Their "foreign currency loans should be denominated in domestic currency at written-down (and de-indexed) interest rates, or repudiated outright." The guiding principle should be to annul debts taken out under (destructive and extractive) terms benefitting creditors at the expense of their prey.
They aim to dominate societies - "above all .to maximize the power of debt over labor. The worse the economy does, the stronger" they get. It's a vicious cycle "recipe for economic suicide (from perpetual) debt peonage." Iceland can be a test case model against it. It comes down to whether it will back its people or, like America, surrender to financial predators. It's much the same globally, the result of the greatest ever economic crisis opportunity for plunder. The perpetrators love it. It's high time they got their comeuppance.
Imagine tiny Iceland taking the lead and fighting back against what another former high-level Wall Street and government insider warns - Catherine Austin Fitts, Assistant Secretary of Housing and Federal Housing Commissioner under GHW Bush and Dillon Read & Co. Managing Director and board member.

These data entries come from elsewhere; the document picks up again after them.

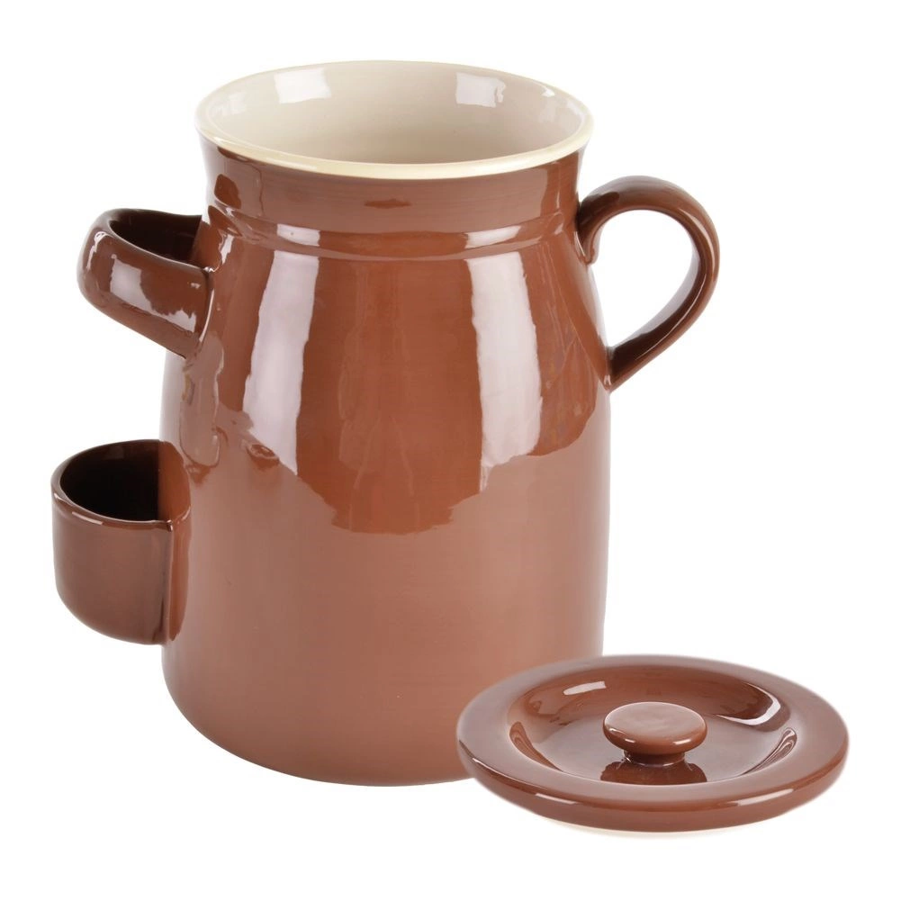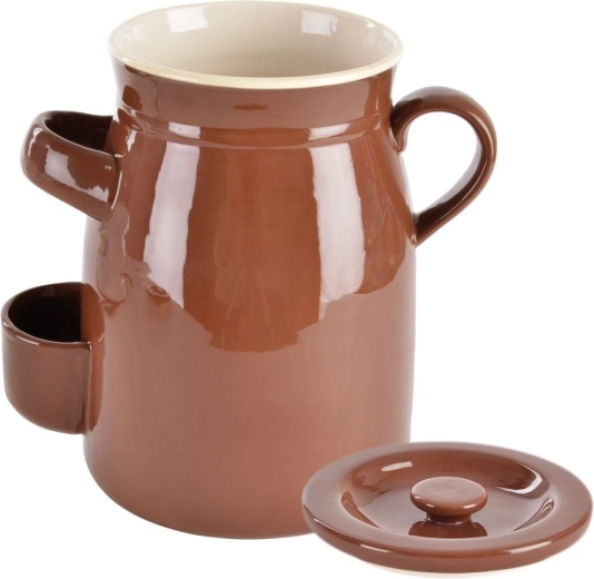 Kompaktowy ceramiczny garnek fermentacyjny o pojemności 2,5 l z hermetyczną pokrywką, praktycznymi uchwytami i drewnianymi szczypcami do łatwego wyjmowania przysmaków. Szkliwiona ceramika w brązowym kolorze utrzymuje stałą temperaturę i chroni zawartość przed światłem, co wspiera prawidłową fermentację warzyw, serów czy ryb w zalewie, soli lub occie.
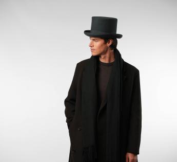 Este sombrero de copa en fieltro de lana endurecido encarna la elegancia en su forma más pura. Su copa alta, deliberadamente acentuada, crea una línea vertical majestuosa, característico de las grandes siluetas de gala. El fieltro rígido, trabajado con precisión, asegura una sujeción impecable y un acabado refinado.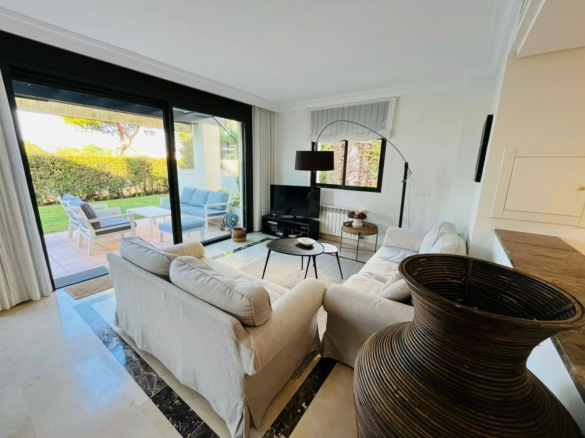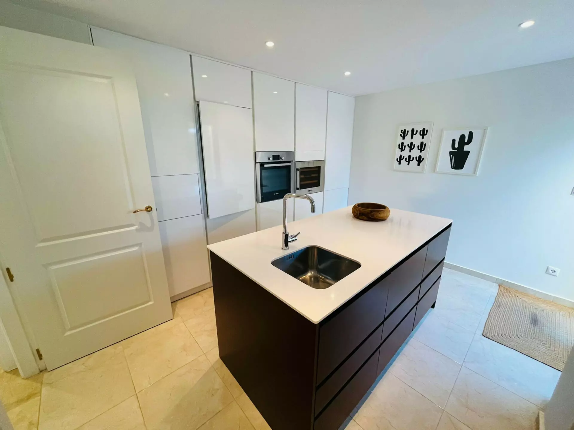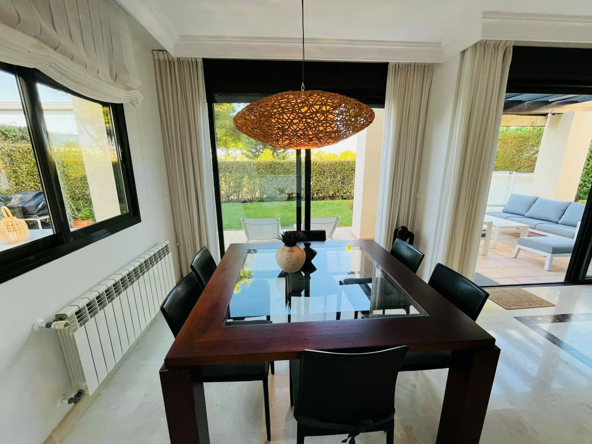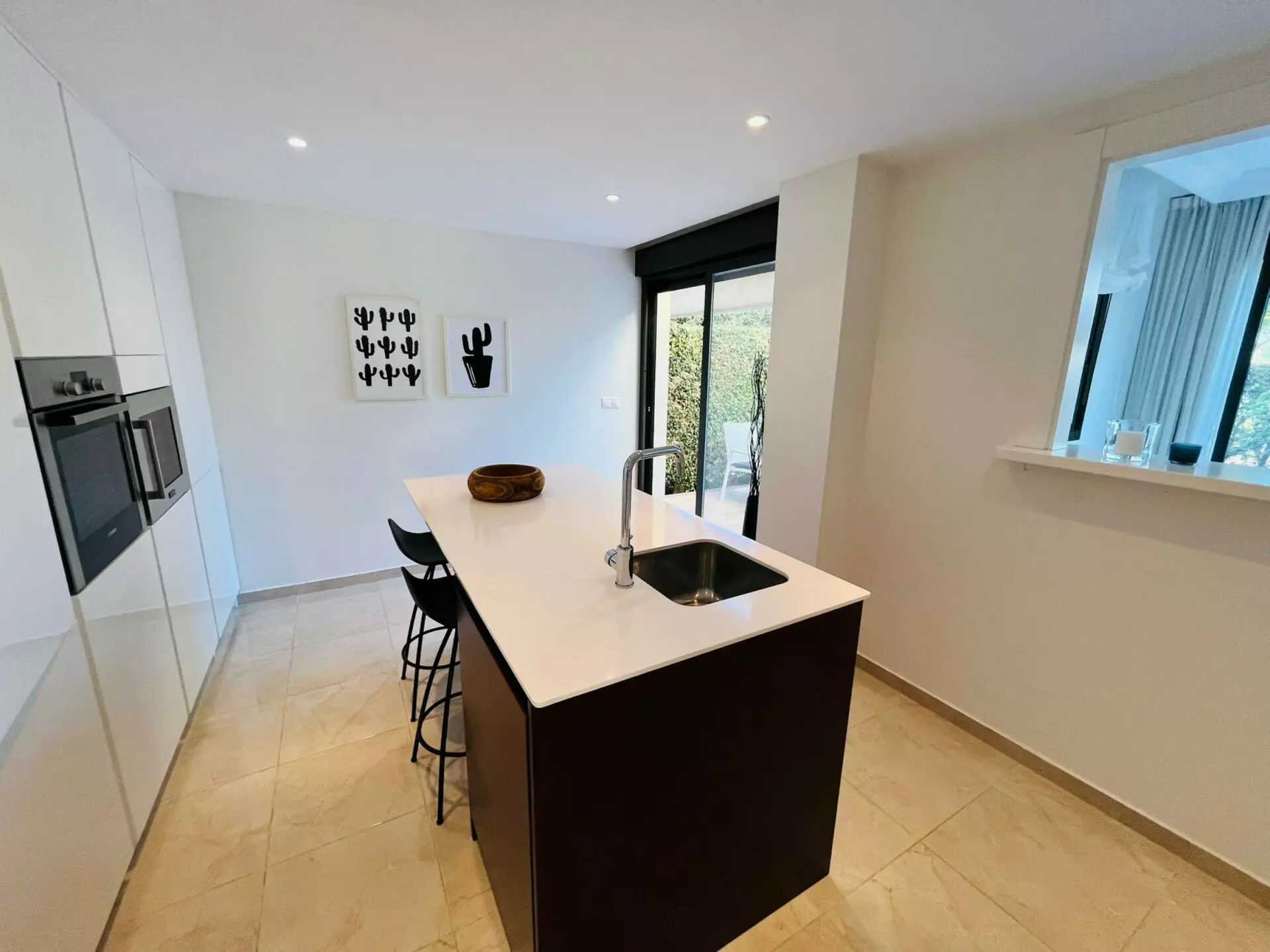 On the ground floor, you will find a bright lounge and dining area. The large glass sliding doors lead directly to the private garden and swimming pool area. This setup provides a suitable space for both relaxation and entertaining guests. The kitchen is modern and renovated, featuring a sleek white gloss design. It also has glass doors that open to a sun terrace, which can be utilized for outdoor dining. This level includes a guest toilet and a double bedroom for added convenience.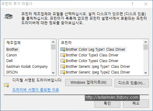 다음은 프린터 드라이버를 설치해야 합니다. 목록에 있다면 그것을 선택하면 되고, 목록에 없다면 [디스크 있음] 버튼을 눌러서 수동으로 드라이버를 설치하면 됩니다. 대다수 프린터 제조업체는 홈페이지에서 프린터 드라이버를 제공하고 있습니다.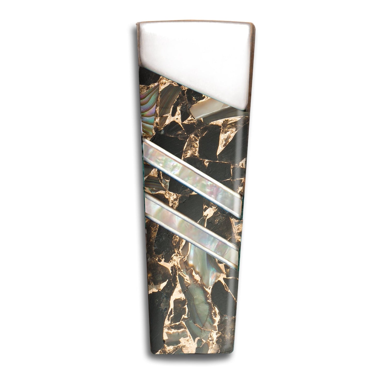 Kingman Blue and Green Turquoise and Obsidian from Arizona; Abalone from the Baja, Bronze and Zinc from Mother Earth. Toss in some alchemy and the artisan’s eye for spectacular color combinations and you have our new Gemstone Exotic Collection.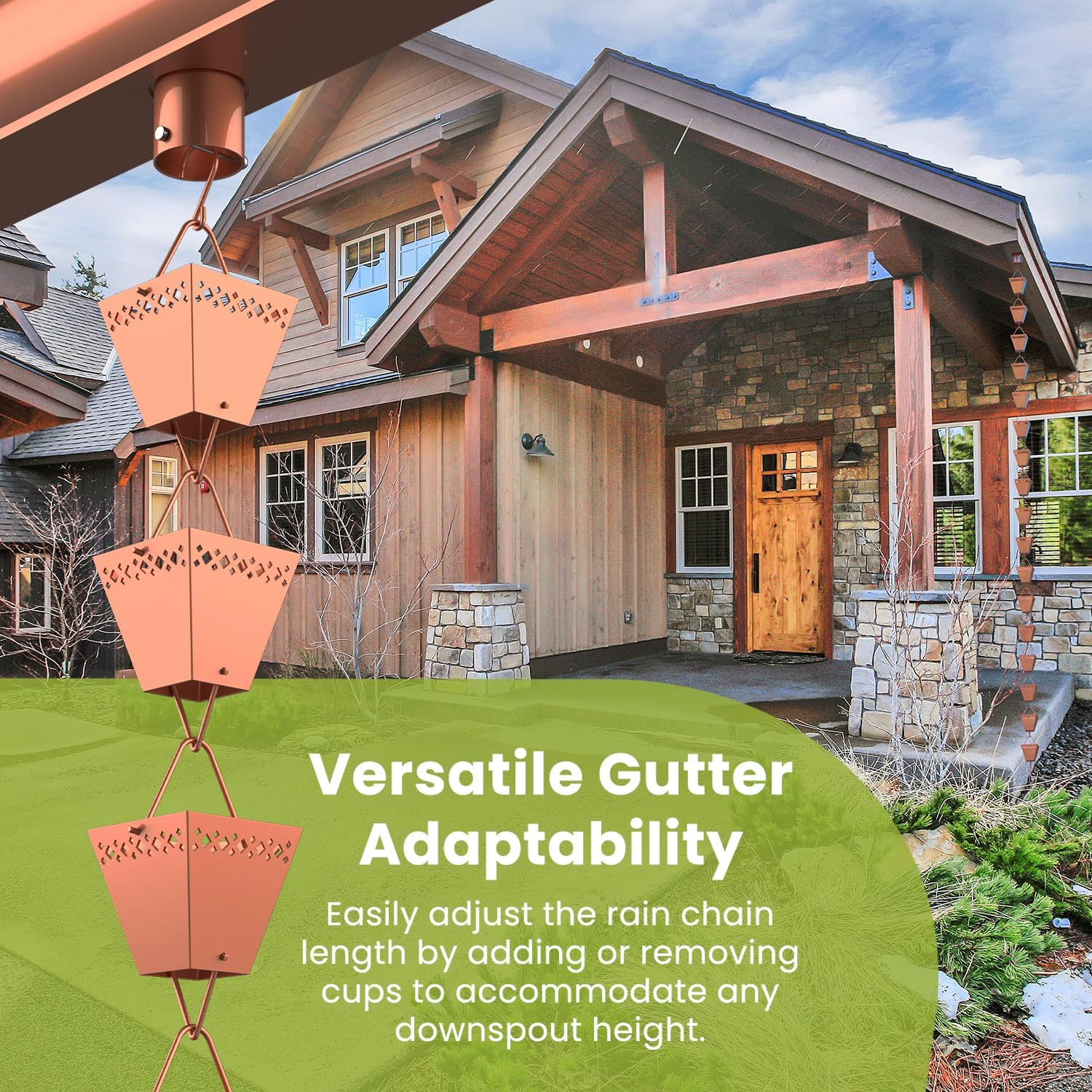 - Adjustable Length: With an adjustable length of up to 10ft, this copper chain rain chime adapts to various gutter heights. The rain chains for gutters for heavy rain design ensures it handles substantial rain flow efficiently and is low maintenance.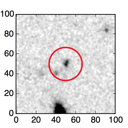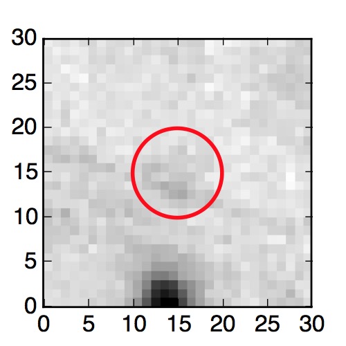The red circle in the various panels is 1" in radius. The images are 6"x6".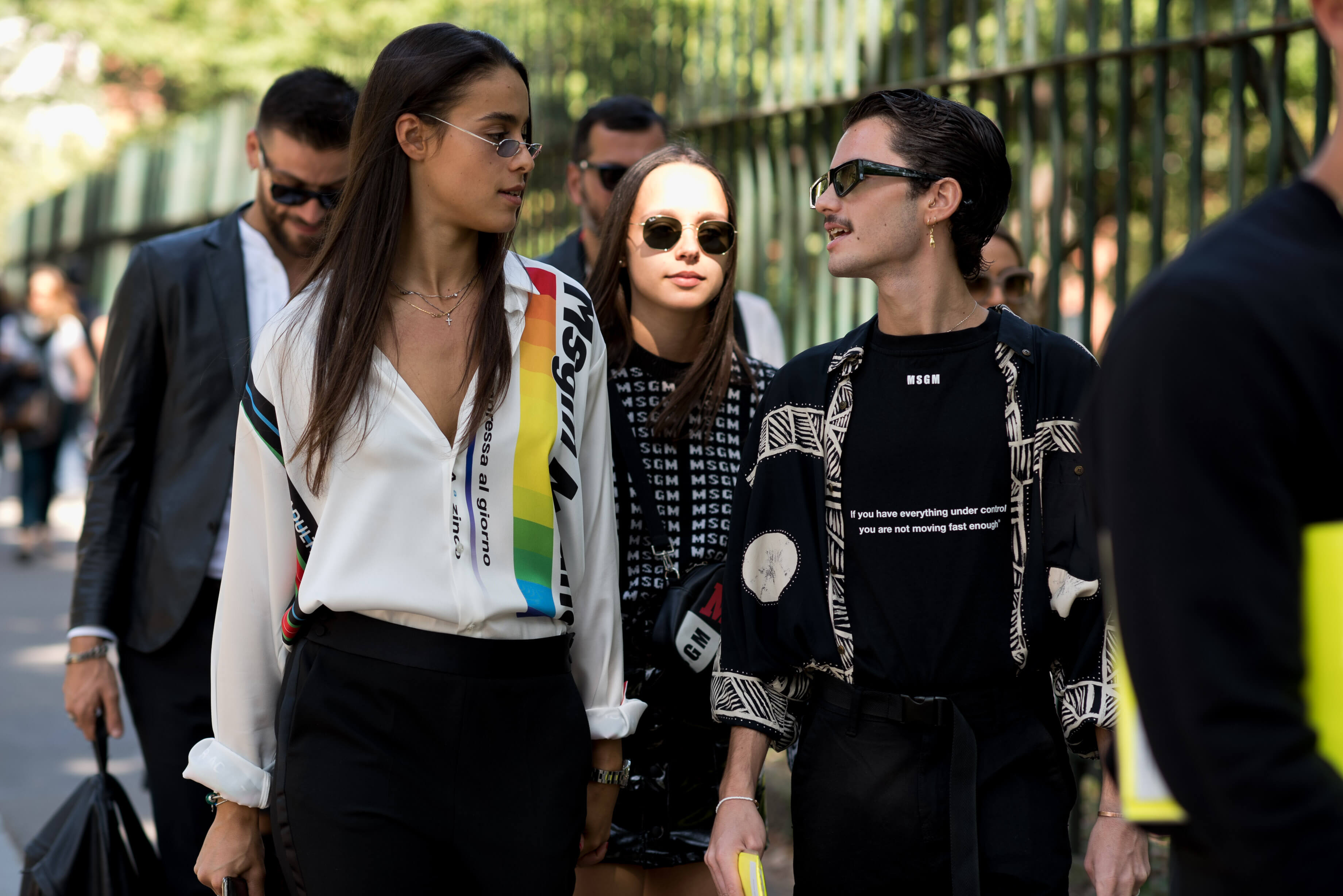 Неделя моды в Милане завершилась философским и зрелищным показом Gucci, а весенняя тематика, похоже, согрела сердца модных гостей: в их образах появилось заметно больше розового — от брючных костюмов до струящихся платьев, радужных всплесков и безмятежных образов, состоящих из комплектов базовых вещей и элементов форменной одежды — немного делового стиля вперемешку с романтичными улыбками и небрежными укладками.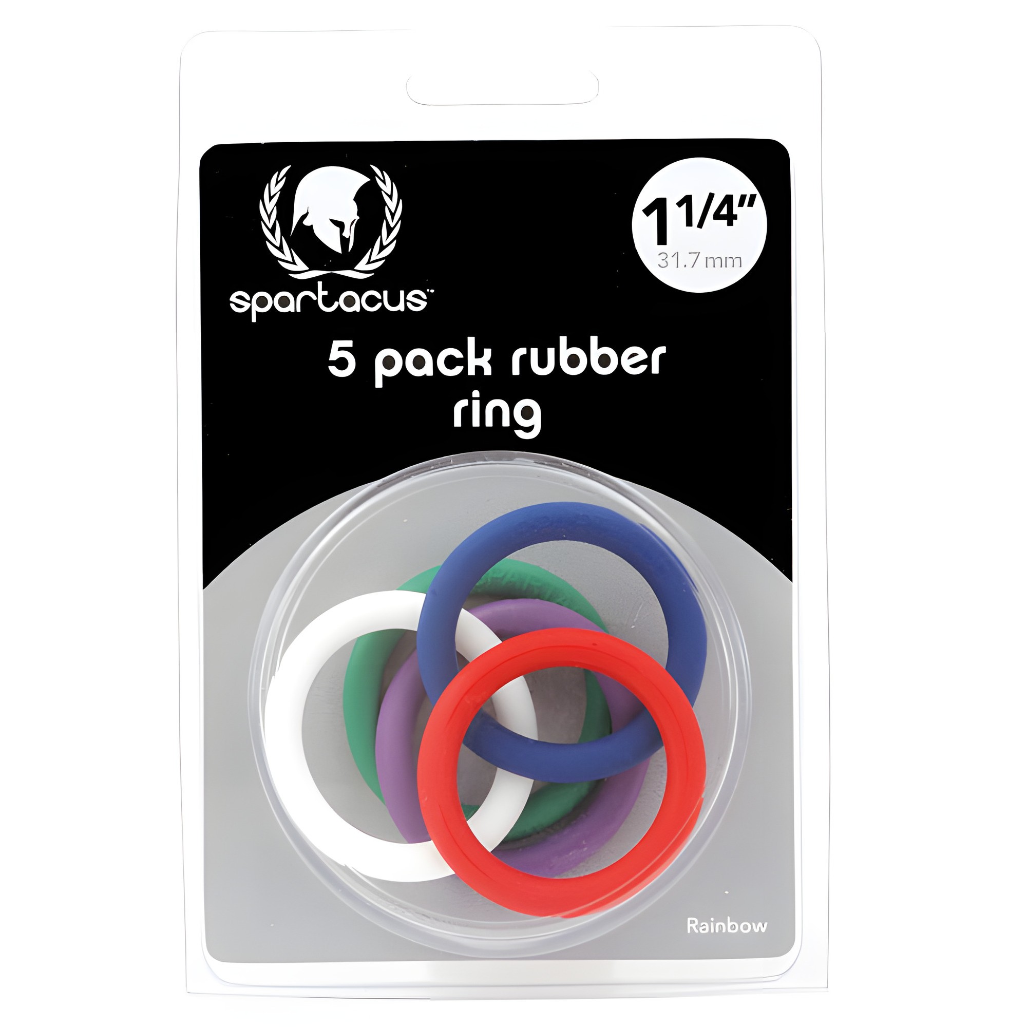 Desbloquea nuevos niveles de placer con el Spartacus Set de 5 Anillos de Pene de Goma de 1.25", que presenta un vibrante diseño de arcoíris.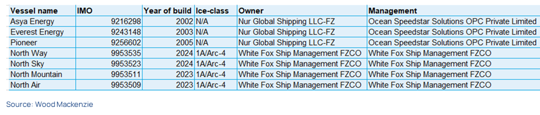 Each of the ships have recently changed ownership and are suspected of being part of Russia’s emerging “dark” fleet of LNGCs. Wood Mackenzie understands that Asya Energy, Everest Energy, and Pioneer are currently owned by Dubai-registered, Nur Global Shipping LLC-FZ. However, ownership of these vessels may have been transferred to new, Dubai-registered entities, which may explain why Nur Global Shipping LLC-FZ has not been added to the SDN list. In any event, we expect that any LNGCs suspected of serving Arctic LNG-2 or forming part of the "dark" fleet, such as New Energy and Mulan, will be targeted by US sanctions in the near future.

In her latest quarterly review, she predicts that "Obama will do more to help bankers achieve centralized control and one world government than any (previous) US politician." In less than three months in office, he's shown bankers they can count on him - to the tune of trillions of dollars, further open-ended checkbook amounts on request, and global "diplomatic" pressure on targeted nations to surrender. It's for public rage, tiny Iceland, and other over-indebted nations to demand "no more." Hopefully enough of them have backbone to do it.